◆ **The problem**: From the line that contains "Cubo de Fotos" through the closing line of the entries, write out each line exactly; pictures stay out.

◆ **Available data**:

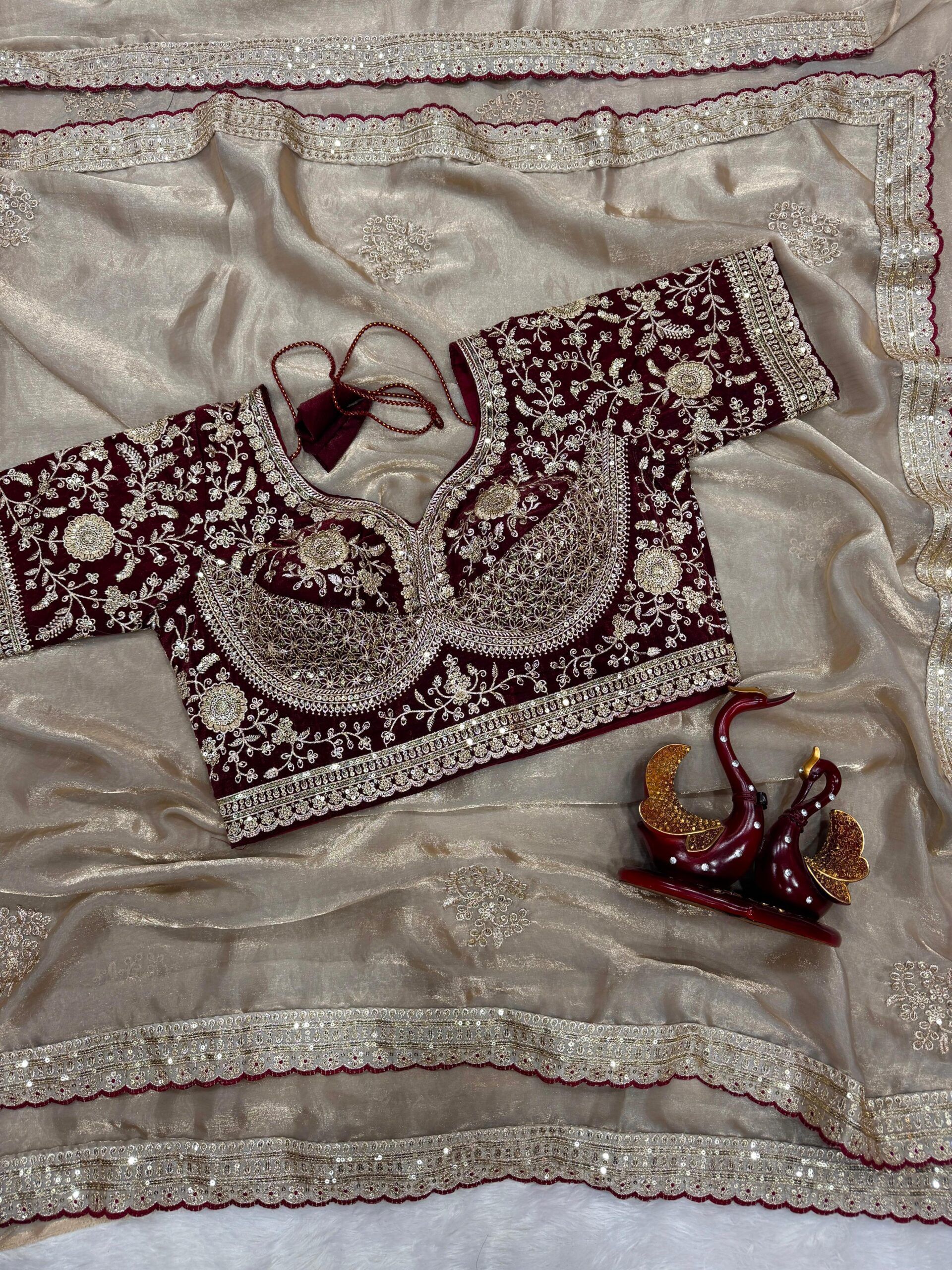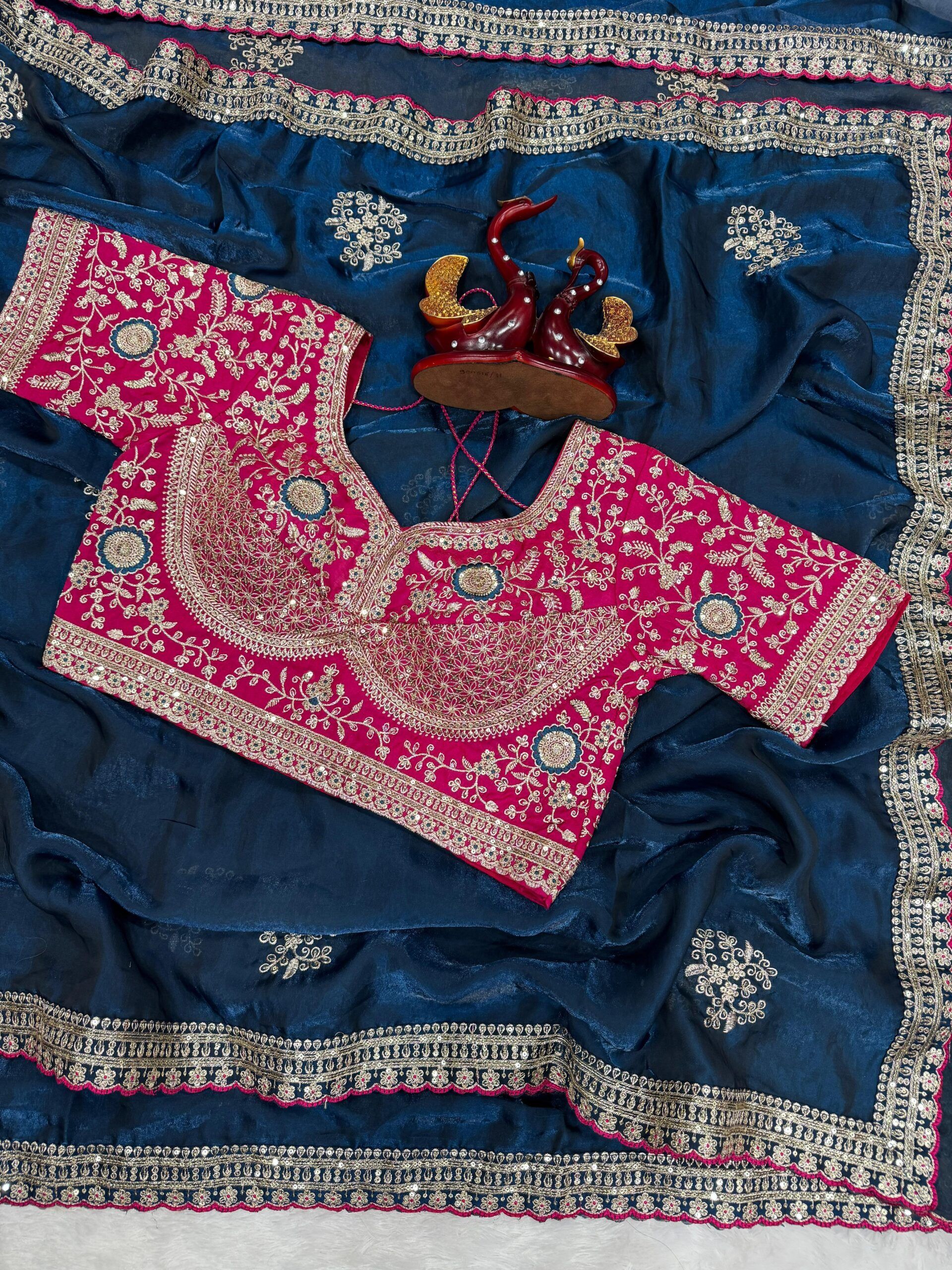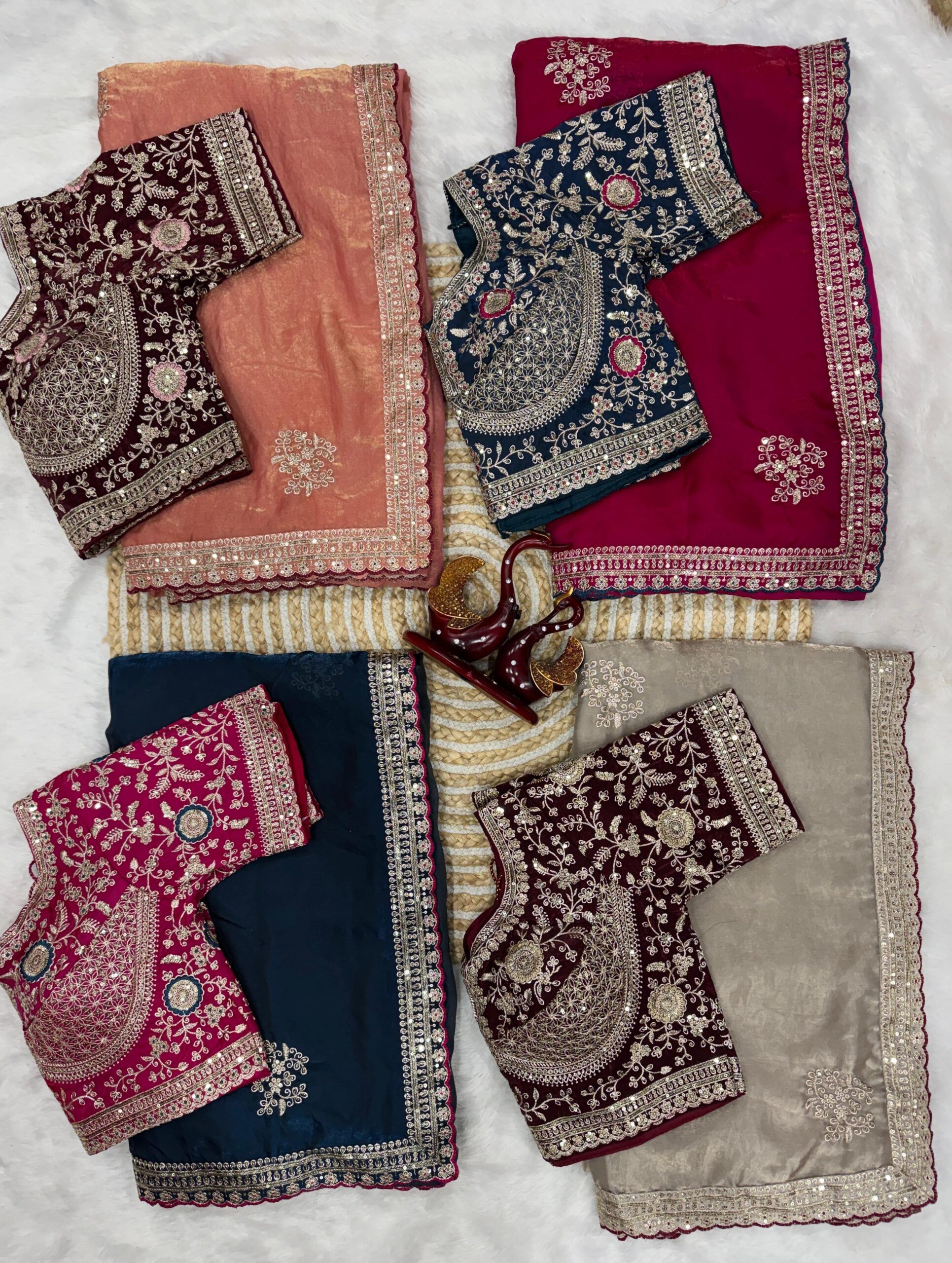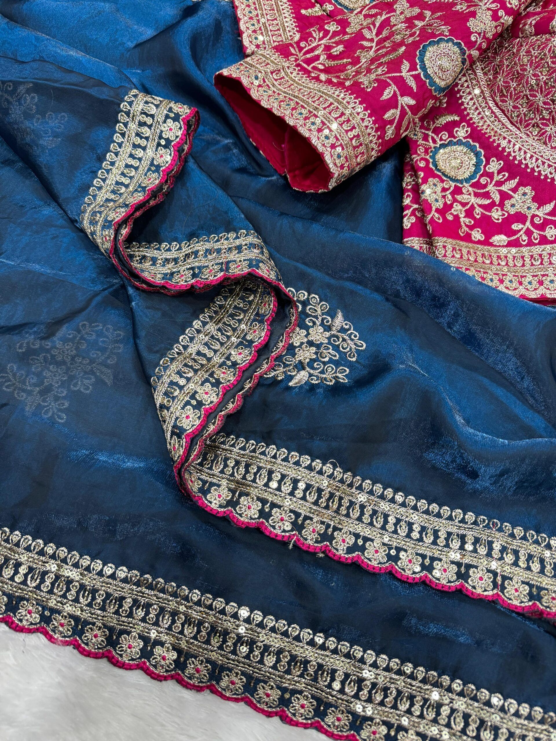 Fendy Satin Sequance and Zari Embroidery Work Saree (5 Pc Set)
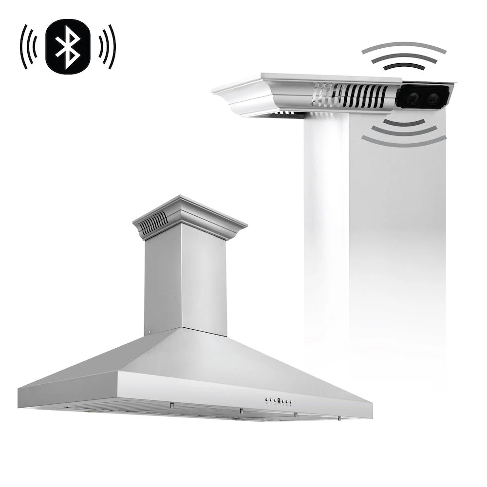 ZLINE 48 In. CrownSound™ Ducted Vent Wall Mount Range Hood In Stainless Steel With Built-in Bluetooth Speakers (KL3CRN-BT-48)(Zline 48 Wall Mount Range Hood Stainless Steel Crownsound Kl3crn Bt 48)
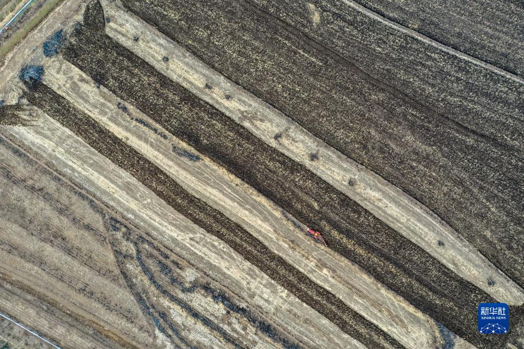 在吉林省吉林市昌邑區(qū)孤店子鎮(zhèn)紅衛(wèi)村,春新生態(tài)家庭農(nóng)場農(nóng)民駕駛農(nóng)機耕地(4月26日攝,無人機照片)。新華社記者 張楠 攝
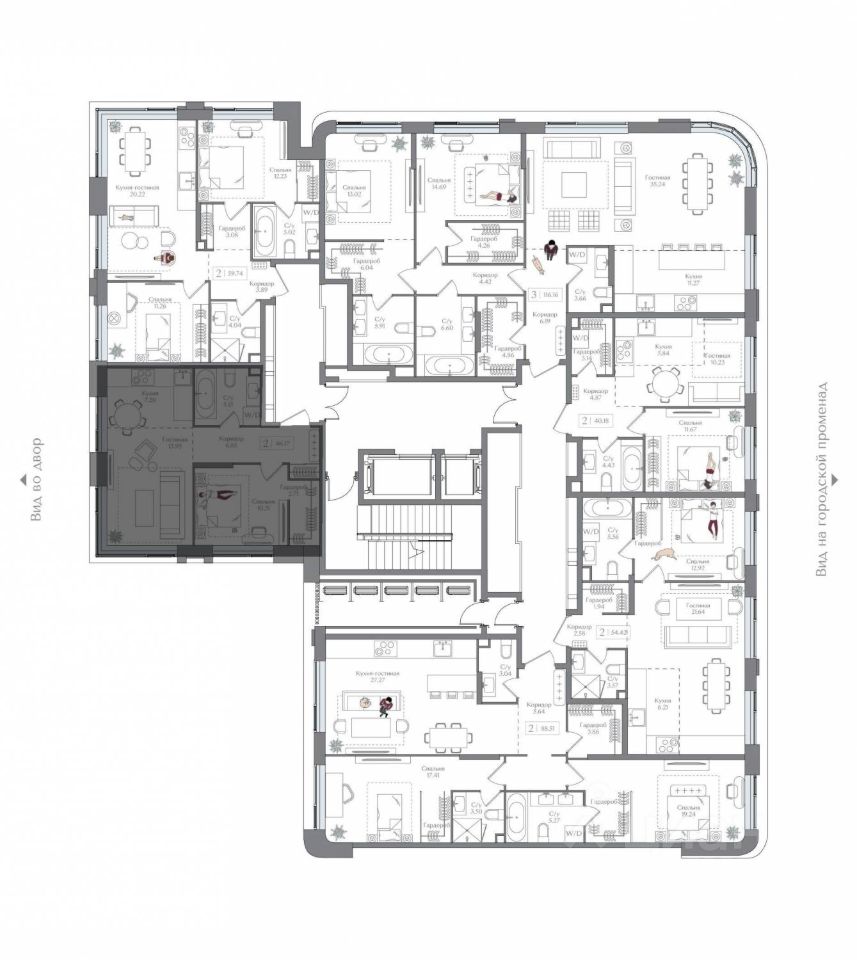 Внутренний двор 1,5 га функциональное и безопасное пространство для игр, работы и занятий спортом. Пешеходный променад для прогулок. Дома переменной этажности. Есть подземный паркинг.
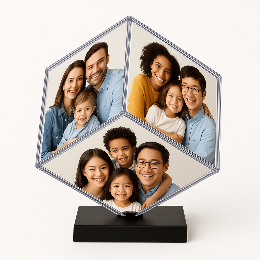 Cubo de Fotos Giratório de Acrílico – Para até 6 Fotos, com Base Giratória – 6,2 cm
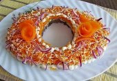 Кукуруза крабовые палочки огурец яблоко красное сыр колбасный майонез соль
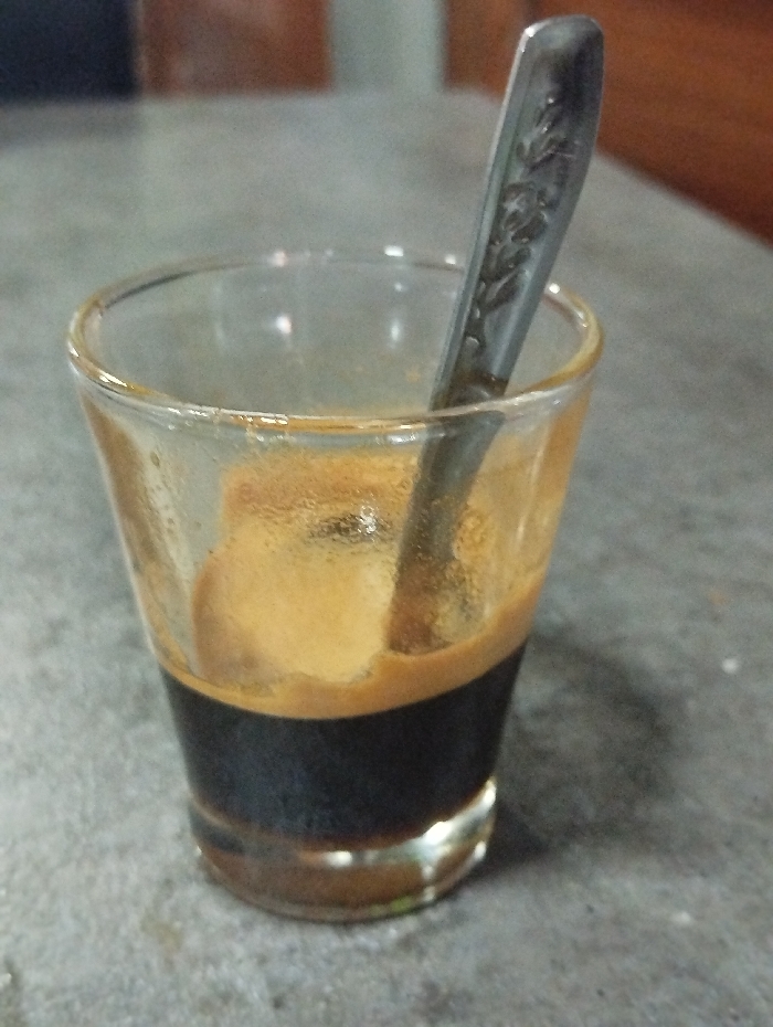 - "This image captures a close-up of a small glass of coffee with a spoon, located in Tangier, Morocco" by FM-ZknsT2, licensed under CC BY 4.0

◆ **Response to the task**:
 Cubo de Fotos Giratório de Acrílico – Para até 6 Fotos, com Base Giratória – 6,2 cm
 Кукуруза крабовые палочки огурец яблоко красное сыр колбасный майонез соль
 - "This image captures a close-up of a small glass of coffee with a spoon, located in Tangier, Morocco" by FM-ZknsT2, licensed under CC BY 4.0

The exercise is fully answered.